"""

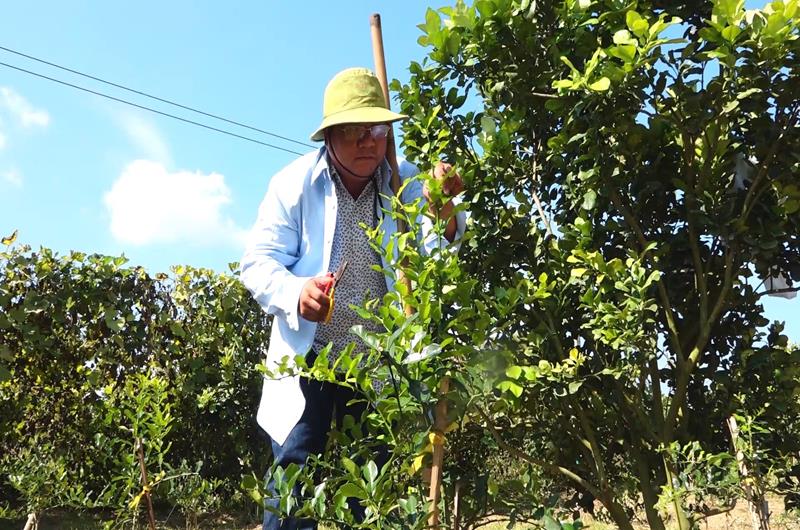 Anh Tiến đang kiểm tra khu vườn trồng chanh Thái rộng 5 ha tại ấp 6, xã Bàu Cạn, H.Long Thành
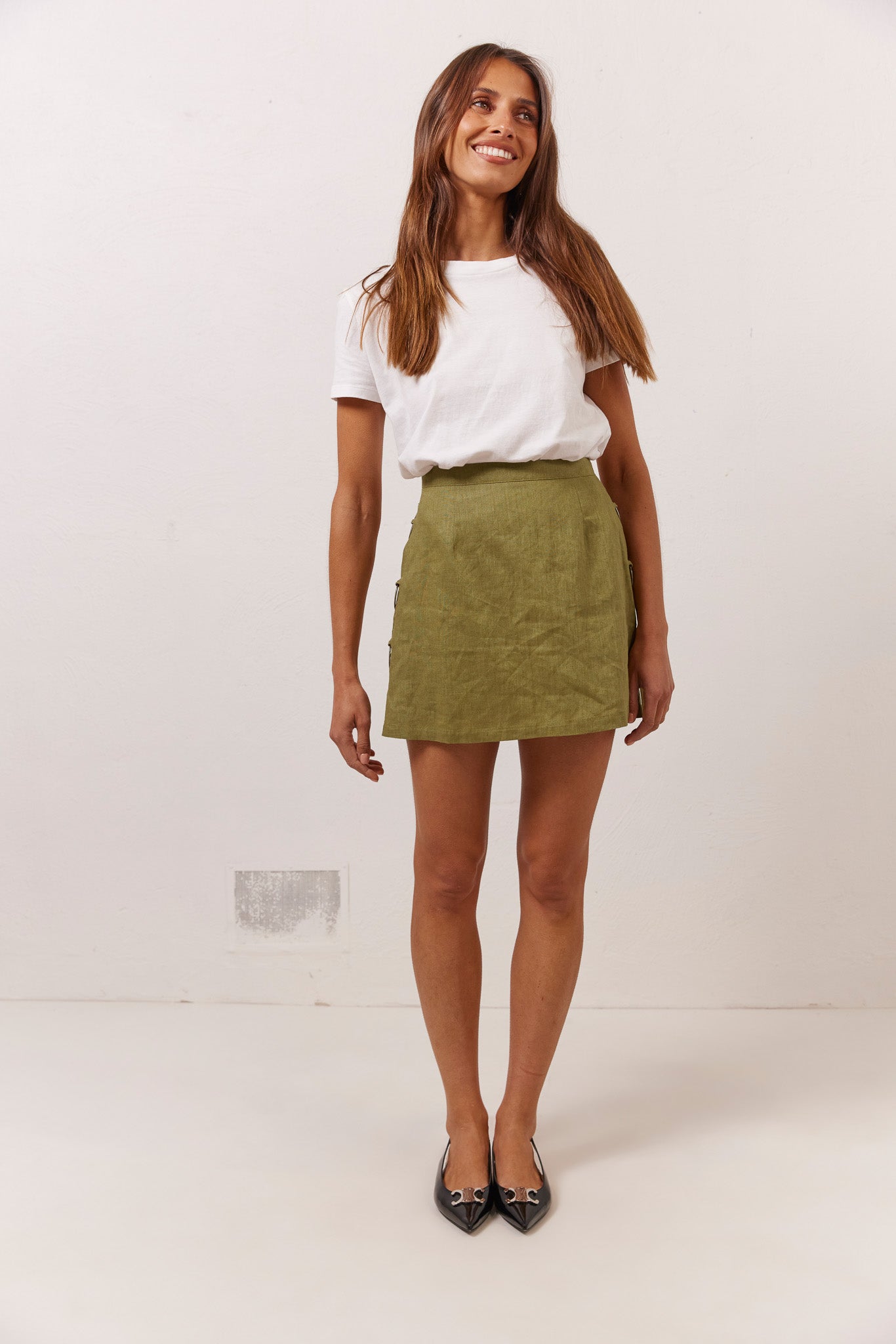 Discoteca Linen Mini Skirt Olive
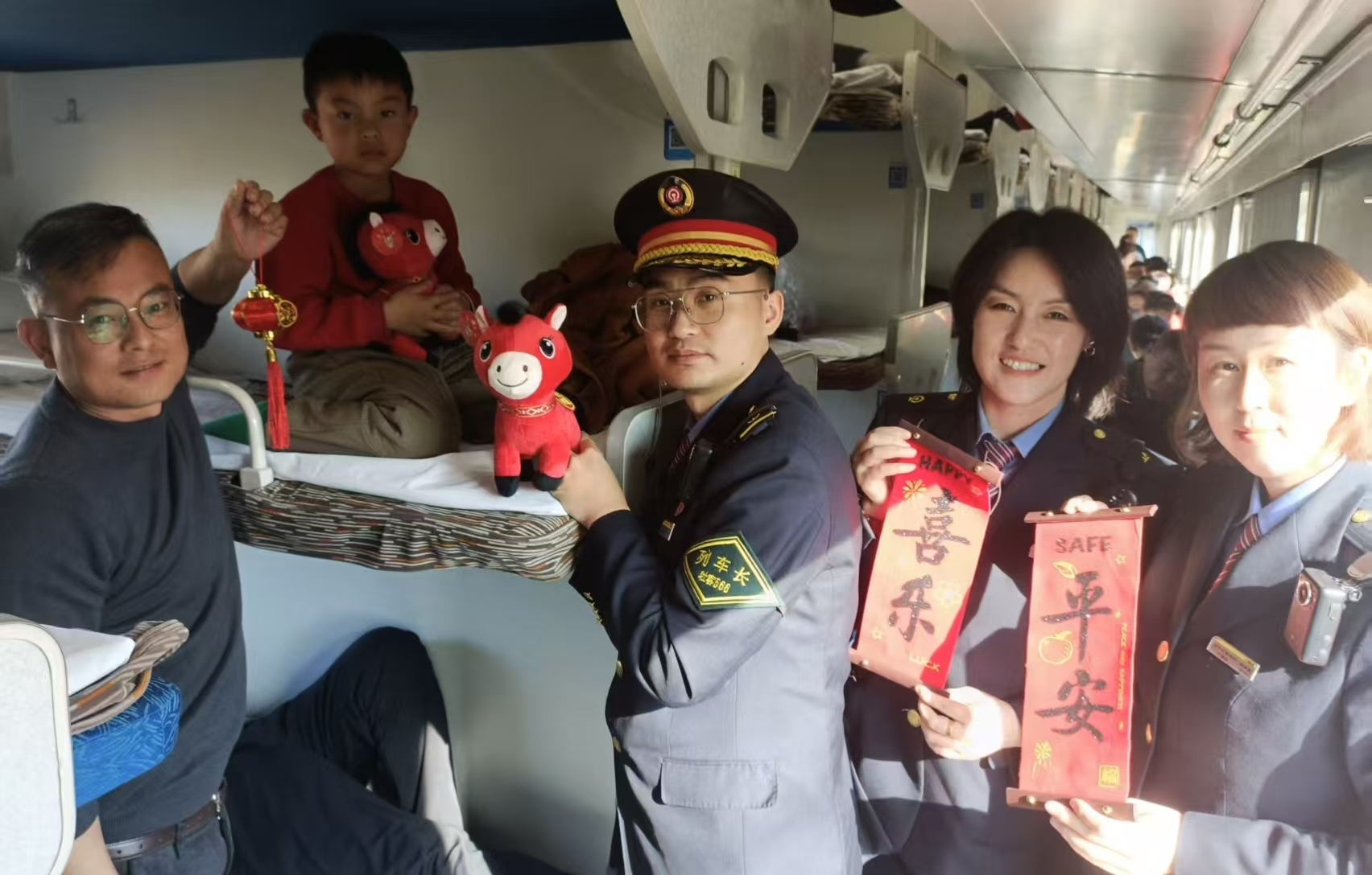 C942次列车工作人员向旅客送上新年祝福(牡丹江客运段供图)
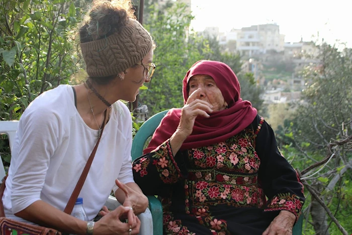 وصلنا إلى بيت الحاجّة حوا الخواجا، وكانت في انتظارنا مع أقربائها. يبدو عليها أنها مُنفعلة، ومتأثّرة من هذا اللقاء. استقبلتنا بوجهها الجميل، وابتسامتها العذبة، رغم أنها كانت قلقة من تأخّرنا في الوصول. استقبلتنا بحفاوة بالغة، وهي تلبس الزيّ الفلسطيني كأنها في عرس لأحد أبنائها
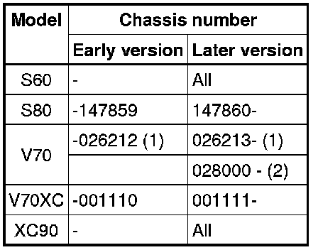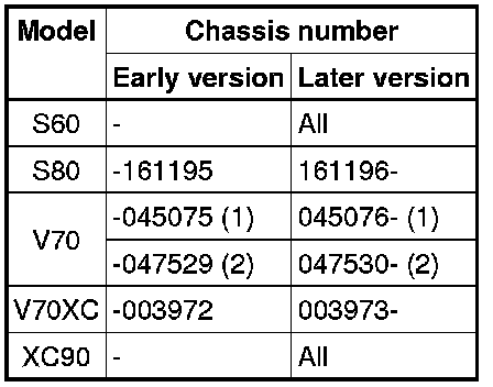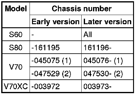 The difference between the early and late versions can be seen from the chassis number in the table below.
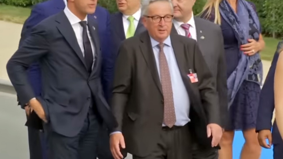 Unas imágenes del presidente de la Comisión Europea, Jean-Claude Juncker, en la cumbre de la OTAN que se ha celebrado en Bruselas están dando mucho que hablar. Juncker acudió este miércoles a la foto de familia con los demás líderes de la Alianza Atlántica pero las cámaras captaron cómo apenas podía dar pasos sin tambalearse y tuvo que ser ayudado por otros dirigentes a subir y bajar escalones.
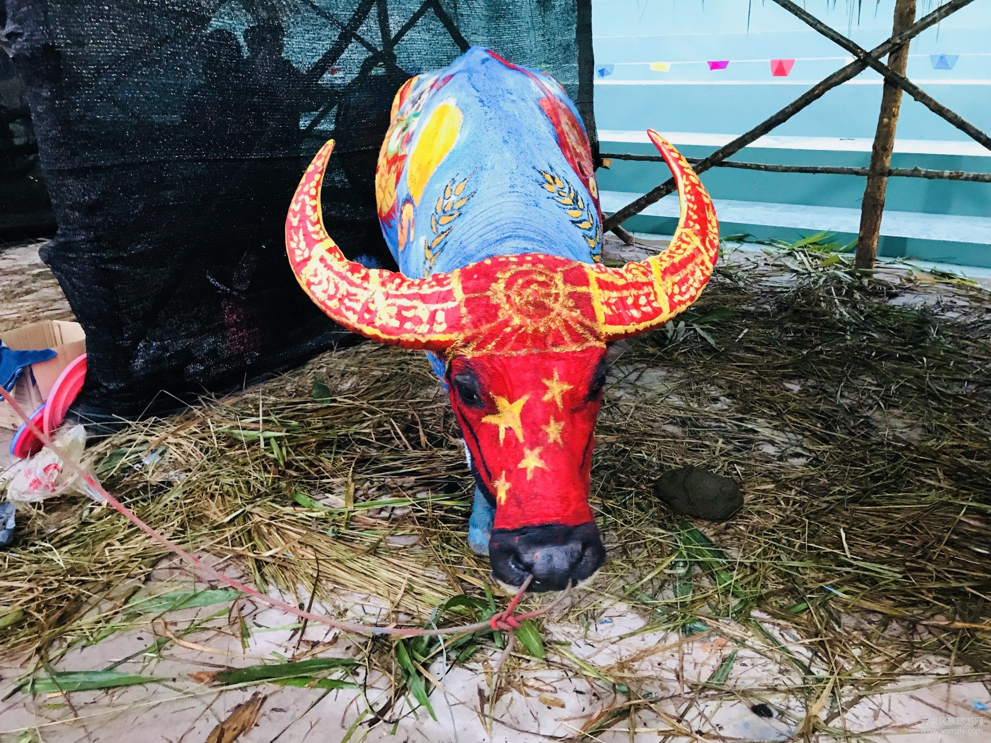 比賽之前,參賽隊(duì)們提前給牛洗好了澡,剃了牛毛,準(zhǔn)備在比賽時(shí)大顯身手。各參賽繪畫師們專心致志、一絲不茍著揮動(dòng)著手中的畫筆,懷著對(duì)藝術(shù)的無限追求,盡情揮灑,在牛的身上描繪出一幅幅活靈活現(xiàn)的圖案。賽場(chǎng)上,一條條色彩斑斕的火牛昂首挺胸地走動(dòng)著,向人們展示著大豐收、美麗中國夢(mèng)、祥和的邊城等在黨的領(lǐng)導(dǎo)和各族人民的共同努力下所取得的豐碩成果。
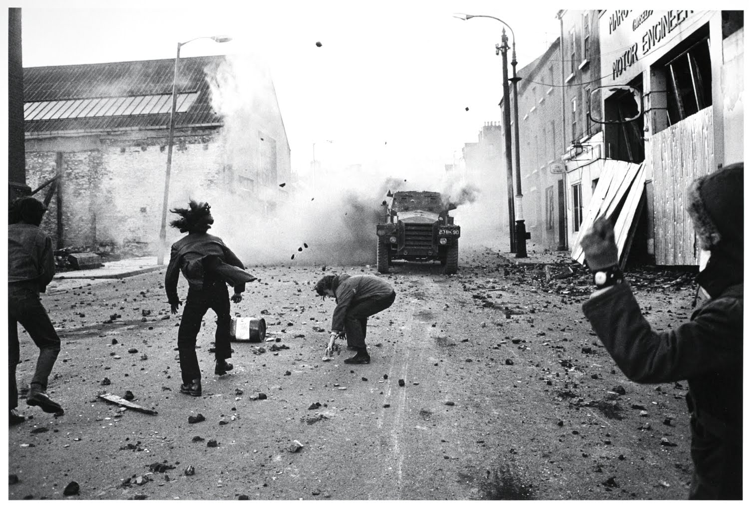 Rocks against armored Saracens (armored personnel carriers)
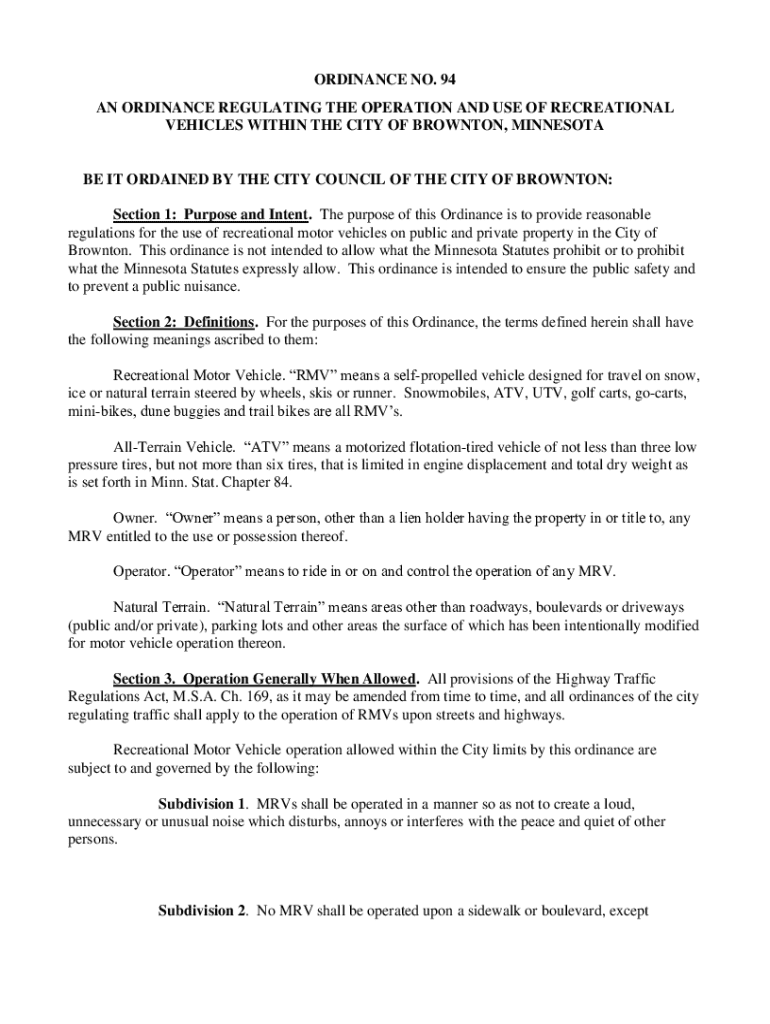 ORDINANCE NO. 94 AN ORDINANCE REGULATING THE OPERATION AND USE OF RECREATIONAL VEHICLES WITHIN THE CITY OF BRONSON, MINNESOTA IT ORDAINED BY THE CITY COUNCIL OF THE CITY OF BRONSON: Section 1: Purpose
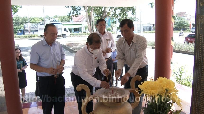 Đoàn Lãnh đạo đến viếng và dâng hương tại Nhà bia Liệt sĩ thị trấn Tân Bình
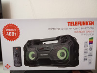 Новая магнитола от немецкой фирмы Телефункен...Флешка,блютуз,радио,аукс.Мощность 20+20=40ватт,чистейшего звука.Работает как от сети,так и от собственного встроенного аккумулятора.Заряд держит хорошо.Практически не использован...Вещь хорошая.

"""

• _What the task asks_
Beginning with the first line of the records, write out every line up to and including the one with "The difference between", exactly, and omit all pictures.

• _Your solution_
 Anh Tiến đang kiểm tra khu vườn trồng chanh Thái rộng 5 ha tại ấp 6, xã Bàu Cạn, H.Long Thành
 Discoteca Linen Mini Skirt Olive
 C942次列车工作人员向旅客送上新年祝福(牡丹江客运段供图)
 وصلنا إلى بيت الحاجّة حوا الخواجا، وكانت في انتظارنا مع أقربائها. يبدو عليها أنها مُنفعلة، ومتأثّرة من هذا اللقاء. استقبلتنا بوجهها الجميل، وابتسامتها العذبة، رغم أنها كانت قلقة من تأخّرنا في الوصول. استقبلتنا بحفاوة بالغة، وهي تلبس الزيّ الفلسطيني كأنها في عرس لأحد أبنائها
 The difference between the early and late versions can be seen from the chassis number in the table below.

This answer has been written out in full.